Two strategies to assess the viability of the use of SCPNs in complex biological media were investigated. Irradiation with light successfully generated singlet oxygen and promoted light-induced localized toxicity when porphyrin-based SCPNs were introduced via endocytosis into cells. This makes these SCPNs highly interesting for future applications in photodynamic therapy. In addition, Pd(II) and Cu(I) loaded metal-based SCPNs showed an efficient depropargylation of protected rhodamine in the extracellular space. Notably, Cu(I)-based SCPNs in combination with a dimethylpropargyloxycarbonyl protective group gave a fast rate, with a saturation in fluorescence reached after 24 h. The product formed is capable to cross the cell membrane, which is promising in view of prodrug activation in tissue: SCPNs would only have to be delivered locally, not intracellularly, to achieve the desired pro-drug to drug catalysis.

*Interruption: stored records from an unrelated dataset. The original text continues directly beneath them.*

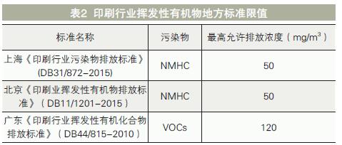 塑料軟包裝印刷企業(yè)產(chǎn)生的廢氣量較大,大部分企業(yè)VOCs濃度在5000ppm以下,屬中低濃度,其中烘干廢氣的溫度通常在50~80℃,VOCs年排放總量大。目前國內對于印刷行業(yè)VOCs排放執(zhí)行的標準主要為地方標準,具體見表2。南京地區(qū)主要參照的是上海市《印刷行業(yè)污染物排放標準》(DB31/872-2015)。
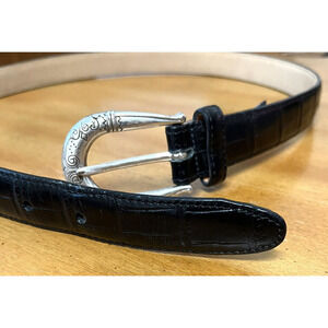 In very good condition. Size L, 37.5” length (fit best 34"), 1” wide in black. Croc embossed, silver buckle. Western
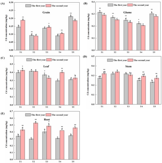 Cd concentrations in the different tissues of wheat with different treatments in two consecutive years. (A) Cd concentrations in grain, (B) Cd concentrations in glume, (C) Cd concentrations in leaf, (D) Cd concentrations in stem and (E) Cd concentrations in root. Data are the means of three replicates and error bars represent the standard error. Different letters at the top of the bars indicate significant differences among the treatments at the p < 0.05 level. * and ** indicate significant differences between the two cultivation years at the p < 0.05 and p < 0.01 levels, respectively. T1: control, application of deionized water; T2: application of the 1000-fold dilution of the foliar Zn fertilizer; T3: application of the 750-fold dilution of the foliar Zn fertilizer; T4: application of the 500-fold dilution of the foliar Zn fertilizer; and T5: application of the 250-fold dilution of the foliar Zn fertilizer.
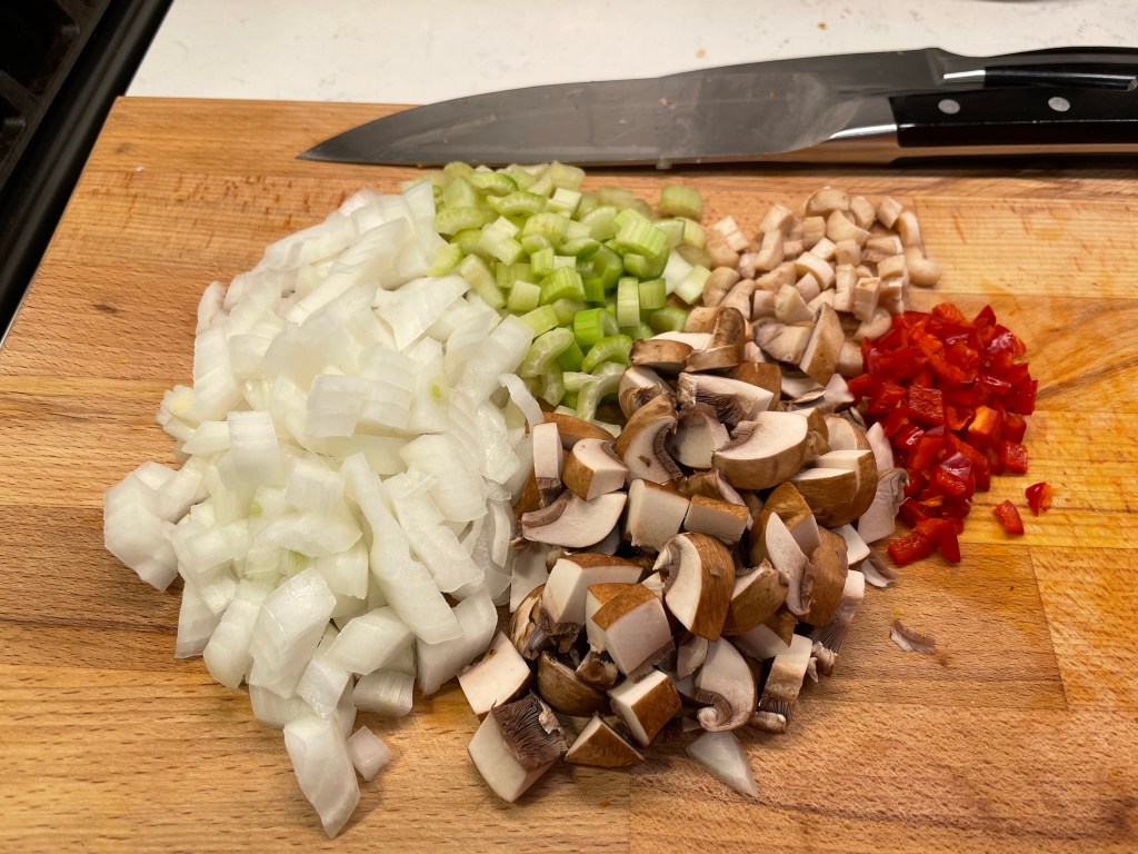 4 Tbsp. extra virgin olive oil, divided (you’ll use a little for each thing you saute)
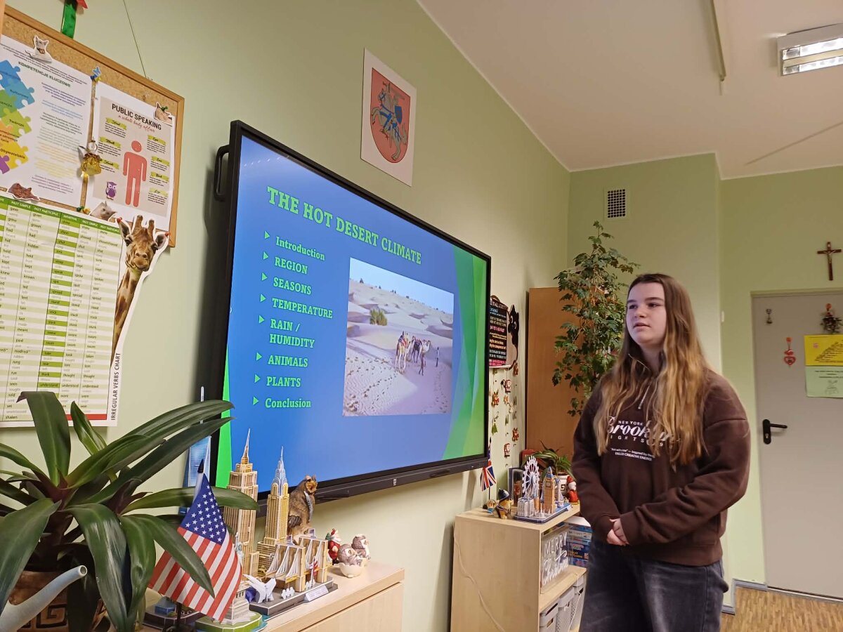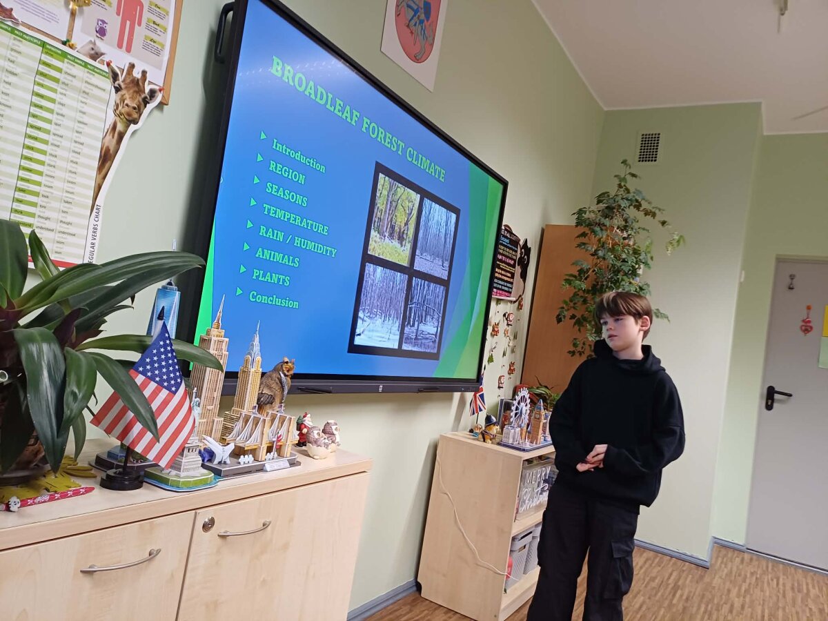 Anglų kalbos pamokose šeštokai kartu su mokytojomis Irena Tačicka ir Karina Balioniene susipažino su skirtumu tarp weather (orai) ir climate (klimatas) bei kartojo anglų kalbos žodyną, susijusį su klimatu. Vėliau jie žiūrėjo edukacinį filmą anglų kalba ir atliko interaktyvias užduotis Wordwall platformoje. Užduotys padėjo užpildyti lentelę apie regionus, aukščiausias ir žemiausias temperatūras, kritulių kiekį, metų laikus bei dažniausiai pasitaikančius augalus ir gyvūnus įvairiose klimato zonose.
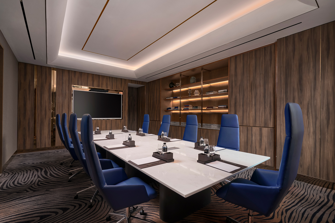 Setting the new benchmark for meetings in Ho Chi Minh City, our newly renovated meeting rooms have all been clad in beautiful timber with delicate metal detailing. All meeting rooms and board rooms are also designed with a multipurpose cabinet that is outfitted with a display area and storage on either sides. Double sliding doors with ribbed glass conceal the TV when not in use and showcase the display area. When guests want to use the TV, the doors slide to either sides and reveal an 85” interactive TV with video conference capabilities. These sliding doors may also be used for writing, replacing the need for additional flipcharts.
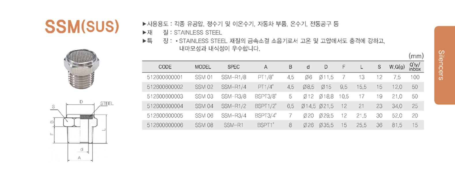 ● 소음기 Silencer 각종 소음이 발생되는 기기의 배기 포트에 설치하여 대기로 배출되는 공기압의 소음을 감소하는데 사용합니다. 소음 효과가 뛰어납니다. 각종 재질에 따라 선택하여 사용이 가능합니다.(BRASS, STAINLESS, STEEL, PLASTIC, AL) 내구성이 오래가며, 사용 장소가 광범위합니다. 콤팩티형이어서 좁은 장소에서도 설치가 가능합니다. |
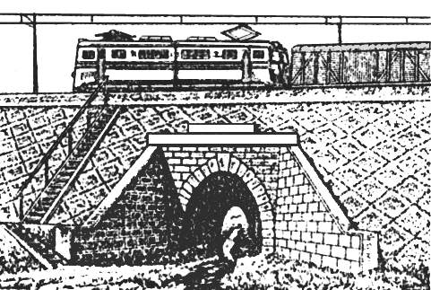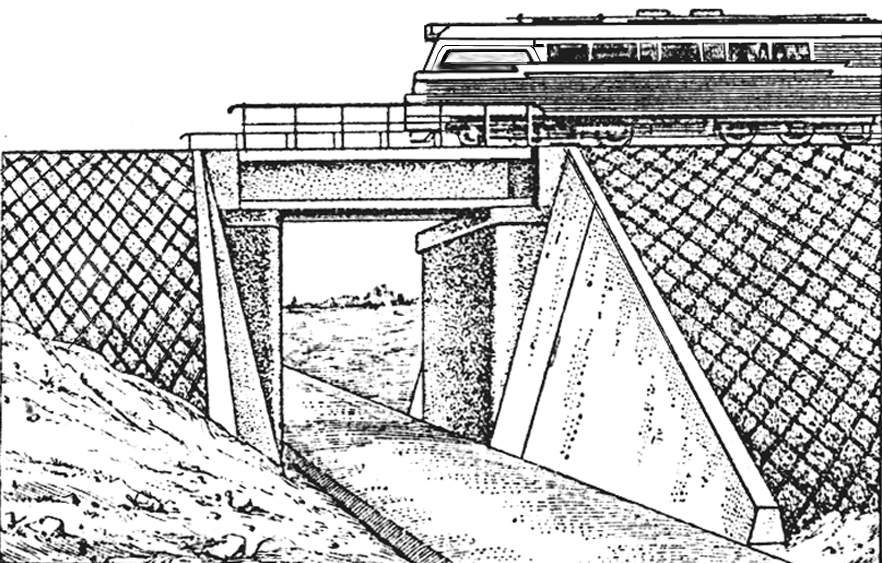 Регуляционные сооружения для защиты мостов и земляного полотна от размыва во время потоков и повреждения во время паводков и повреждения во время паводков и повреждения во время ледохода на подходах к ним.
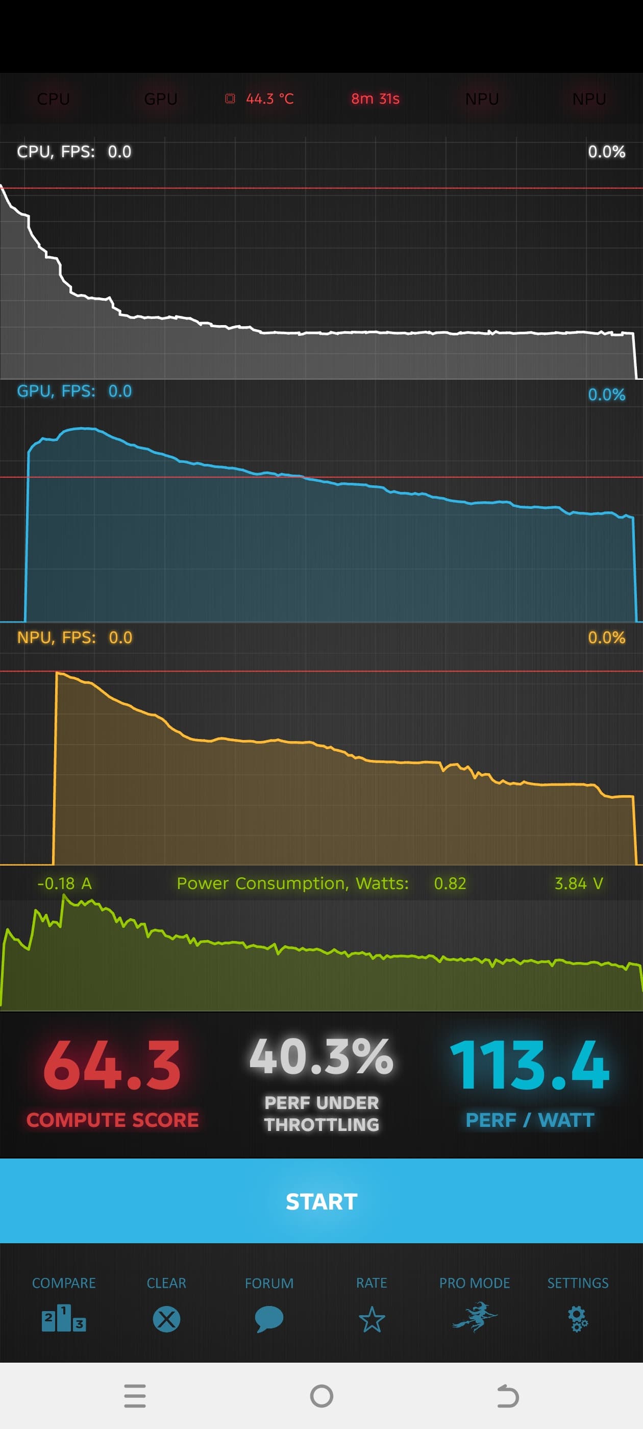 Тест на снижение производительности при нагреве мы проводим с помощью программы Burnout Benchmark, которая позволяет нагружать CPU, GPU и NPU.
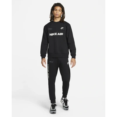 Nostalgic for the '90s, we combined classic details like the Nike Air Futura logo with a yoke design to elevate the style of the Nike Air top. A mix of printed details make this comfortable Fleece garment stand out. Reflective Nike Air arrows on the cuff and reflective Nike Air logo on the upper right yoke enhance the look. Solid and mottled Fleece inserts create unique contrasts in texture and color. Ribbed collar, cuffs and hem provide a comfortable fit that is easy to layer. Smooth, soft-touch print pattern.The Nike Air joggers combine '90s sport style with a clean look that sets your sneakers up to look their best. The soft brushed-back fleece has a warm, comfortable feel you'll want to include in your wardrobe on the daily.Fit for sneakersA tapered lower leg and ribbed cuffs provide a clean look that helps your sneakers shine. Room through the hips and thighs lets you move comfortably. The elasticated waistband and drawcord provide a comfortable, personalised fit. Side seam pockets and a zippered back pocket provide quick storage for small items.Brushed-back fleeceThis warm fleece fabric is brushed for added loft and softness.More than your average sweats: Panels of heathered and solid fleece fabric create a unique textural interplay that complements your favourite sneakers. Panels of open-hole mesh on the lower leg complete the look.More detailsStandard fit for a relaxed, easy feel.Body: 80% cotton/20% polyester. Overlay: 100% polyester. Pocket bags: 100% cotton.Not intended for use as personal protective equipment (PPE).Machine wash.
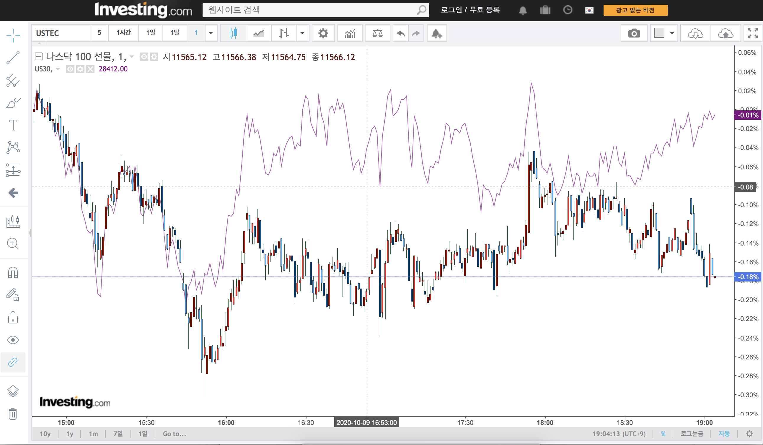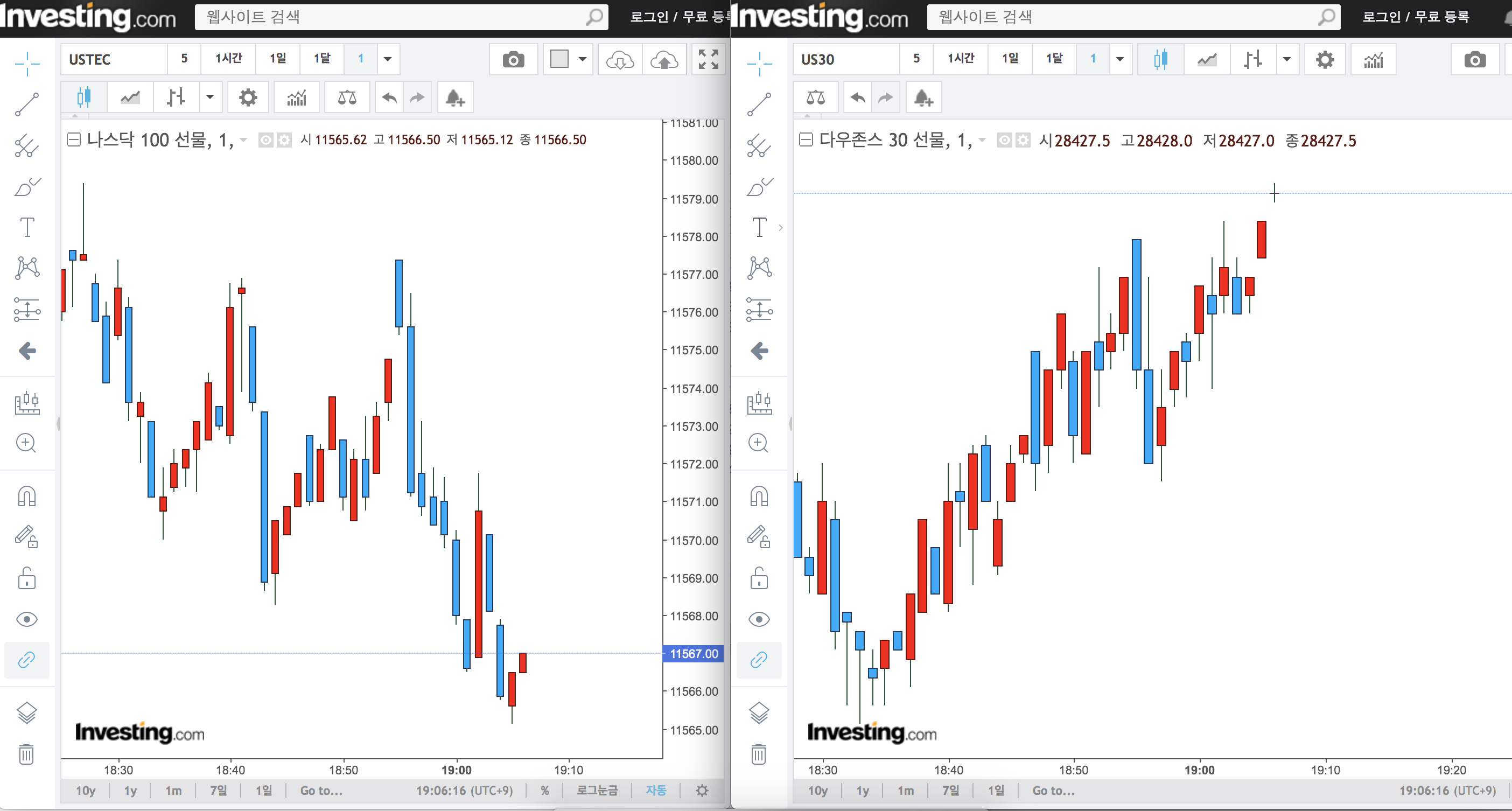 위 화면은 나스닥 100 선물지수와 다우 선물 지수를 비교해본 것입니다. 캔들은 나스닥 100 선물지수이고 그래프는 다우선물 지수입니다. 둘 다 실시간으로 변동을 확인할 수 있고 캔들은 직관적으로 확인이 가능하지만 그래프는 등락은 보이지만 직관적이지는 않습니다.

Our detailed study on the different factors affecting catalysis with SCPNs also revealed the challenges that need to be addressed to rationally design catalysts with potential for in vivo applications. Very high turnovers of the catalysts may compensate for this, but a better protection of the catalyst within the hydrophobic core of the particle could also help to increase the efficacy of the catalyst. For this reason, new SCPN-based catalysts with better shielding of the metal-complex and improved stability and activity are a necessary follow up of this work. Moreover, more selective substrates that maximize the interactions with the SCPNs versus other biological molecules have to be developed. Finally, the hydrolytic stability of the protective group has to be taken in account.

The development of catalytic systems that are able to perform their functions in living cells has been a subject of recent attention because of its potential applications in the fields of synthetic biology and therapeutic biomaterials. Notably, the use of artificial enzyme-like particles in the cellular environment is a frontier of the research in catalysis with potential applications in chemical biology and cancer therapy. However, the rational design of such structures is a huge chemical challenge, mostly due to the lack of knowledge on the behavior of catalytic systems in the complex biological environment and therefore on their structure–activity relations. Therefore, the biophysical study presented here, sheds light on the behavior of SCPNs in the cellular environment, paving the way toward the rational design of nanosystems that are able to perform effective catalysis in vivo.